**Exercise instructions**
Only the lines from the top of the records below through the line containing "自然界ではものすごく効率的な" should be printed, exactly and without pictures.
[Start of Attachment]
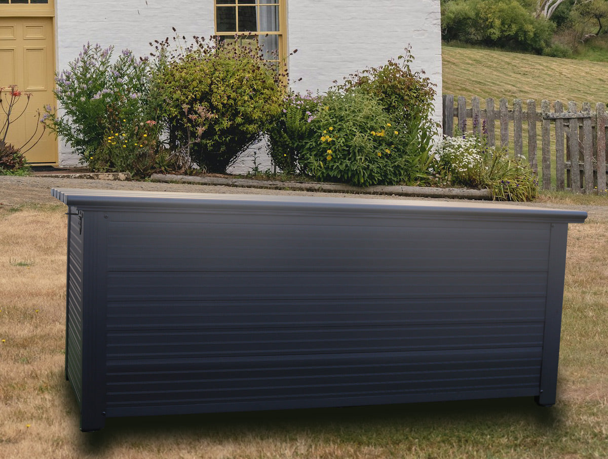 ベンチボックス BB120-BK 軽さと耐久性が自慢の アルミ製 収納ボックス 便利な野外ベンチに!お庭周りの収納箱として! 南京錠 取付け金具付きで 安心安全! 軽い 軽量 収納 ソフトクローズ シンプル おしゃれ アルミ 小さい 小さいサイズ 静か ゆっくり 閉まる
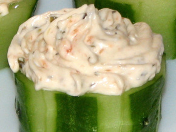 С помощью блендера смешать сливочный сыр, семгу, сметану, поперчить. Получившимся муссом наполнить огурцы используя кондитерский шприц.
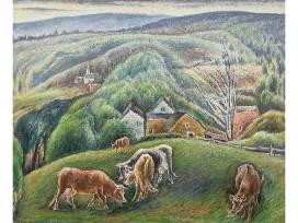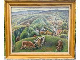 Cows in Pasture by Gertrude Nason (1890-1905) oil, 34 x 28 inches, 39 x 33 inches framed.
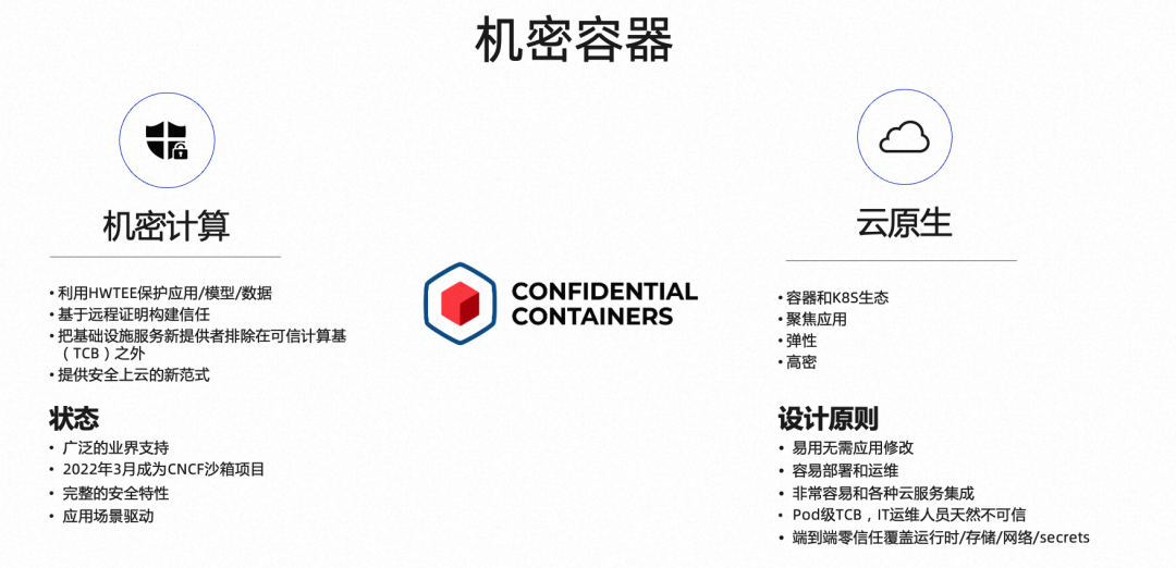 机密容器(Confidential Containers)是云原生基金会(CNCF)旗下的一个沙箱项目,它使用硬件信任执行环境(TEE)为容器化的工作负载提供机密性和完整性。机密容器两大设计原则就是易用和安全。从易用性角度,无缝对接 Kubernetes 和容器生态, 确保应用能够平滑迁移;从安全性角度,机密容器有着更严格的威胁模型,通过提供 Pod/VM 级 TCB,对 IT 运维人员和云厂商也可以做到计算过程的零信任。
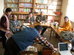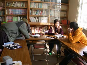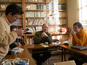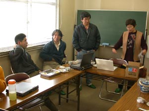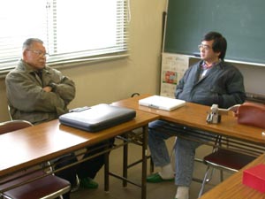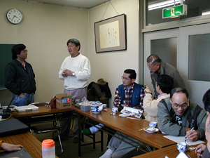 外は時折みぞれの降る天気でしたが、 図書室の中は熱気でむんむんです。 80歳で現役のお医者さんの出宮さん。昨年のアフリカ日食に続いて今年も海外遠征を計画中のようです。 中谷さんは高校天文部連絡会の世話をされ、昨年のしし座流星群観測は大成功でした。 |
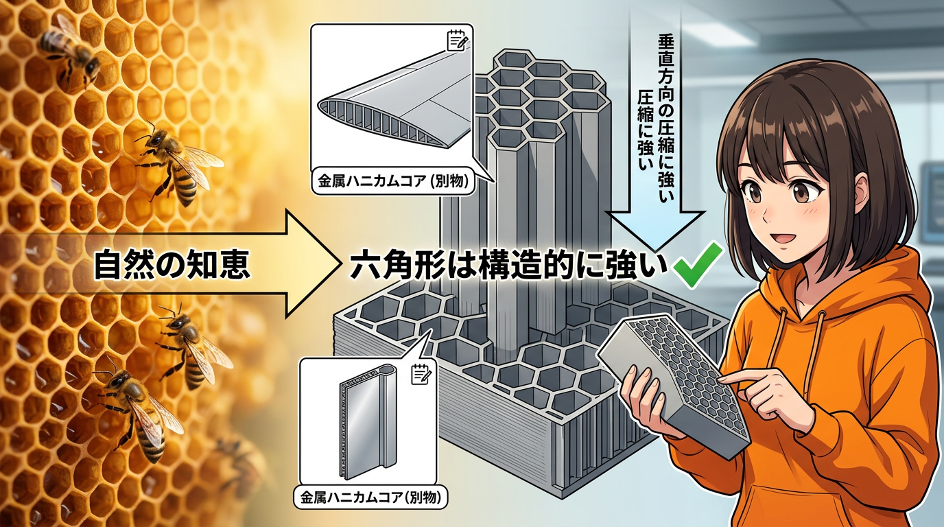 自然界ではものすごく効率的な形で、少ない材料で最大の強度を出せる。航空機の翼やロケットの壁にも使われてるんですけど、これは金属やカーボンの「ハニカムコア」っていう別物なので、3Dプリンターのインフィルとはちょっと違います。ただ「六角形が構造的に強い」っていう原理は同じなんですよね。
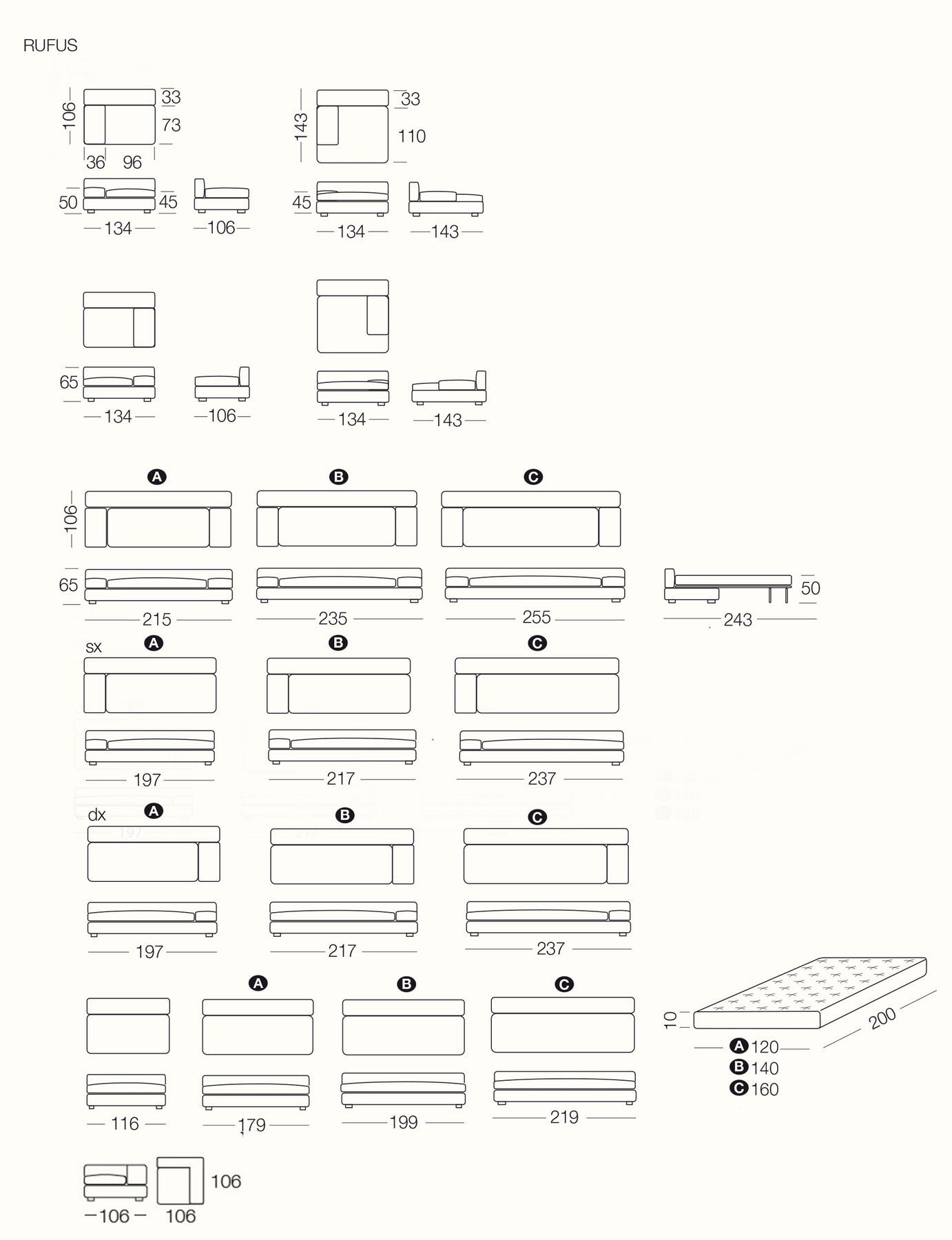 Disponible en canapé fixe , en canapé-lit ou avec une méridienne spacieuse, Rufus offre élégance, polyvalence et qualité supérieure dans toutes ses versions.
[End of Attachment]
**Task answer**
 ベンチボックス BB120-BK 軽さと耐久性が自慢の アルミ製 収納ボックス 便利な野外ベンチに!お庭周りの収納箱として! 南京錠 取付け金具付きで 安心安全! 軽い 軽量 収納 ソフトクローズ シンプル おしゃれ アルミ 小さい 小さいサイズ 静か ゆっくり 閉まる
 С помощью блендера смешать сливочный сыр, семгу, сметану, поперчить. Получившимся муссом наполнить огурцы используя кондитерский шприц.
 Cows in Pasture by Gertrude Nason (1890-1905) oil, 34 x 28 inches, 39 x 33 inches framed.
 机密容器(Confidential Containers)是云原生基金会(CNCF)旗下的一个沙箱项目,它使用硬件信任执行环境(TEE)为容器化的工作负载提供机密性和完整性。机密容器两大设计原则就是易用和安全。从易用性角度,无缝对接 Kubernetes 和容器生态, 确保应用能够平滑迁移;从安全性角度,机密容器有着更严格的威胁模型,通过提供 Pod/VM 级 TCB,对 IT 运维人员和云厂商也可以做到计算过程的零信任。
 外は時折みぞれの降る天気でしたが、 図書室の中は熱気でむんむんです。 80歳で現役のお医者さんの出宮さん。昨年のアフリカ日食に続いて今年も海外遠征を計画中のようです。 中谷さんは高校天文部連絡会の世話をされ、昨年のしし座流星群観測は大成功でした。 |
 自然界ではものすごく効率的な形で、少ない材料で最大の強度を出せる。航空機の翼やロケットの壁にも使われてるんですけど、これは金属やカーボンの「ハニカムコア」っていう別物なので、3Dプリンターのインフィルとはちょっと違います。ただ「六角形が構造的に強い」っていう原理は同じなんですよね。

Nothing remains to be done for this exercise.